La vettura va comunque incontro ad usura, a prescindere dai chilometri percorsi: ecco perché, oltre al chilometraggio, vengono prescritti anche dei limiti di tempo trascorsi i quali è bene effettuare il tagliando auto.

Tagliando della macchina: cosa cambiare?

Quasi tutte le officine includono nel tagliando auto il controllo dei fluidi, ad esempio l’antigelo del radiatore, l’olio dei freni e il liquido lavavetri.

Se la vettura dispone di un filtro antiparticolato, comunque, potrebbe essere necessario effettuare i controlli ben prima della scadenza dei termini previsti per il tagliando auto.

Il proprio meccanico di fiducia è una persona alla quale può essere posta la domanda ogni quanto va fatto il tagliando auto: potrà fornire indicazioni di massima e altre preziose indicazioni.

A tal proposito, in seguito al “Decreto Monti” 1400/2002, poi ampliato dal regolamento UE 461/2010, il consumatore non è più obbligato a rivolgersi alle sole officine autorizzate, ma può benissimo rivolgersi anche ad officine indipendenti e di sua scelta, quindi anche al meccanico di fiducia.

Ciò che conta è che i ricambi siano pezzi originali oppure equivalenti, e che il meccanico osservi le riparazioni raccomandate dalla Casa automobilistica di produzione del veicolo.

Tagliando auto a benzina: ogni quanto va fatto?

Per le auto a benzina, il discorso: ogni quanto si fa il tagliando auto è diverso. Le auto a benzina, infatti, necessitano di una maggiore manutenzione rispetto alle auto il cui motore è a gasolio: le prime infatti vanno incontro ad usura molto più rapidamente, per cui si parla di effettuare il tagliando, nel caso delle auto a benzina, addirittura ogni 15.000 km.

Bisogna far controllare il filtro dell’olio, l’olio del motore e il filtro carburante, per evitare la messa in circolo nel motore di molecole dannose.

Allo stesso modo, più un’auto è “datata” più andrà incontro ad usura e a problemi, e per tale motivo su auto usate e con diversi anni alle spalle risulterà necessario intensificare i controlli o la frequenza degli stessi.

Non dimentichiamo che anche nell’ambito del mercato delle auto usate una vettura con il tagliando in regola è maggiormente appetibile rispetto alle vetture sulle quali non è stata effettuata la giusta manutenzione.

Se invece la tua auto è ibrida, abbiamo dedicato un’articolo, lo puoi trovare QUI.
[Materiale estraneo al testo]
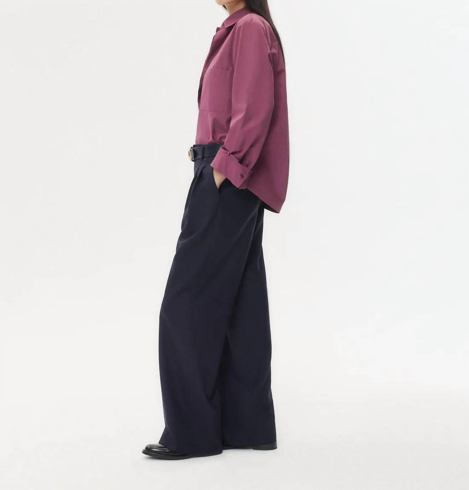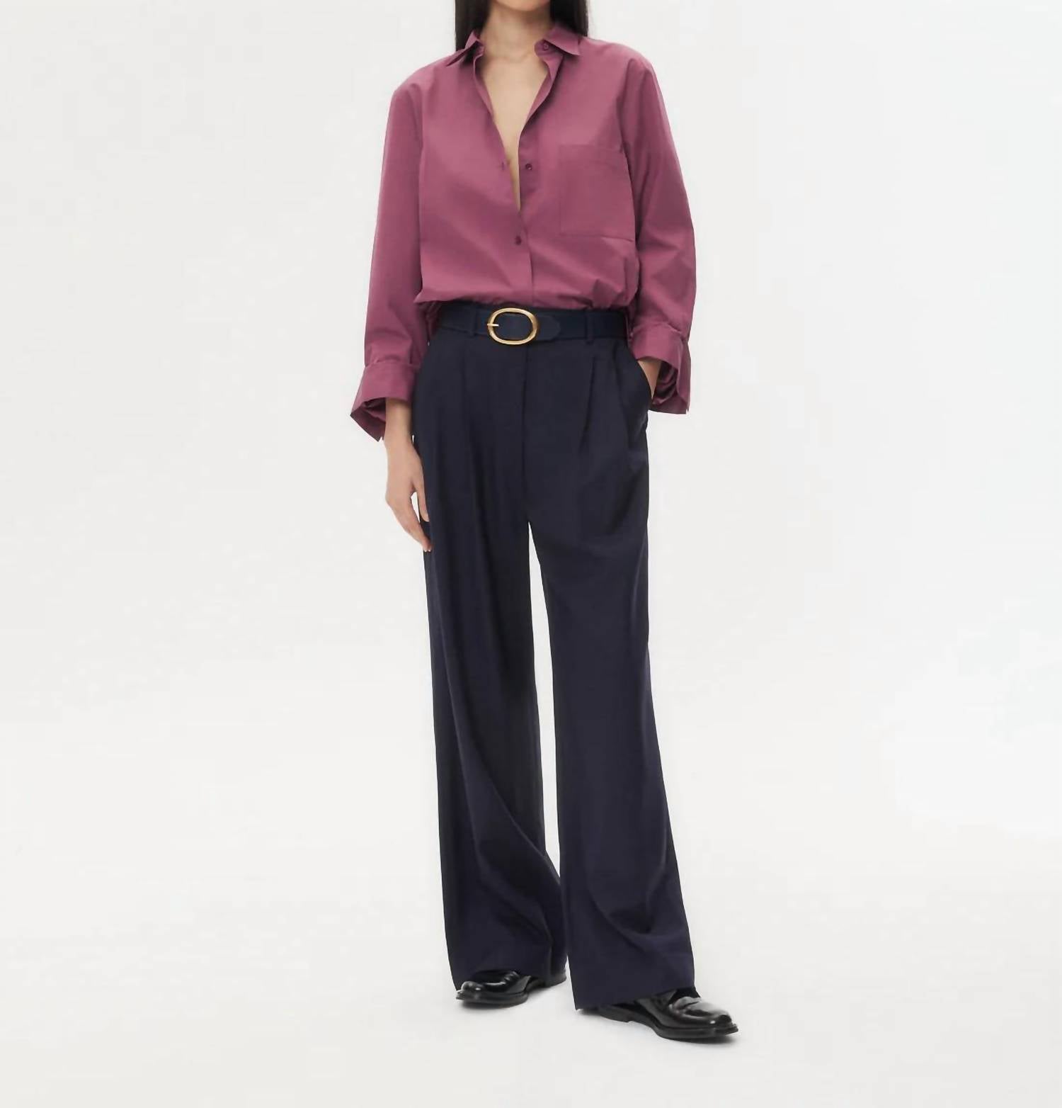 Perfectly tailored and soft to the touch. Introducing the Next Morning Crushed Shirt by TWP, a chic piece in elegant Violets designed for any holiday party. Crafted from 100% cotton poplin, this oversized, long sleeve shirt offers a structured yet smooth texture for a polished look. It features an exposed button closure, a spread collar, and a center box pleat at the back, complete with a chest patch pocket and single roll button cuffs for added detail. Pattern: Solid. The care instructions are not available.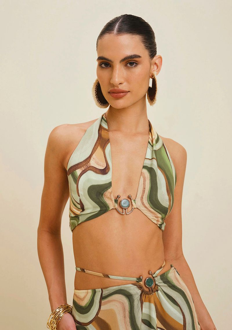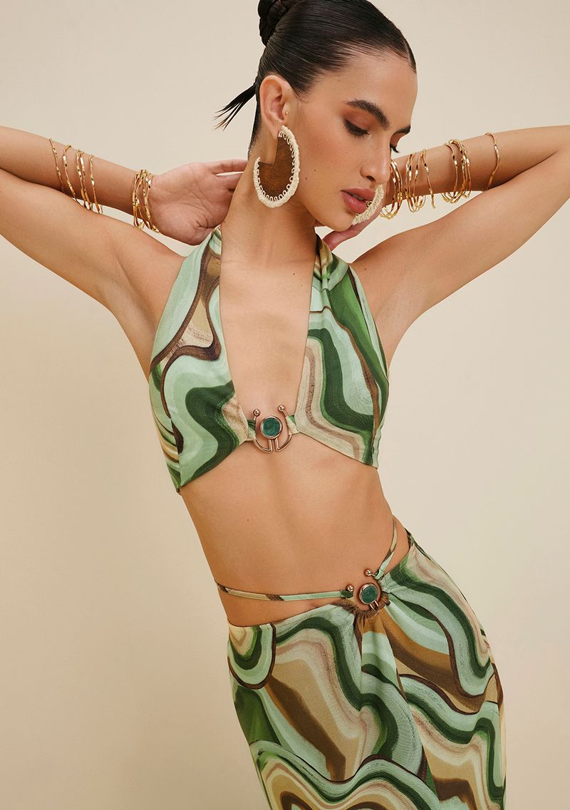 Top Morena Rosa Frente Única Sem Manga Detalhe Avios Verde

Ogni quanto si fa il tagliando moto

Similmente, il tagliando moto viene effettuato allo scopo di garantire un buono stato di salute della moto e di tutte le sue parti.

Ogni costruttore prescrive un diverso tipo di controlli, e un diverso chilometraggio al raggiungimento del quale i controlli da effettuare variano molto.

Ad esempio, il primo tagliando moto consiste in un controllo generico dello stato del motore, il secondo (al raggiungimento, ad es., di 12.000 km) servirà a controllare l’ABS, il sistema frenante e così via.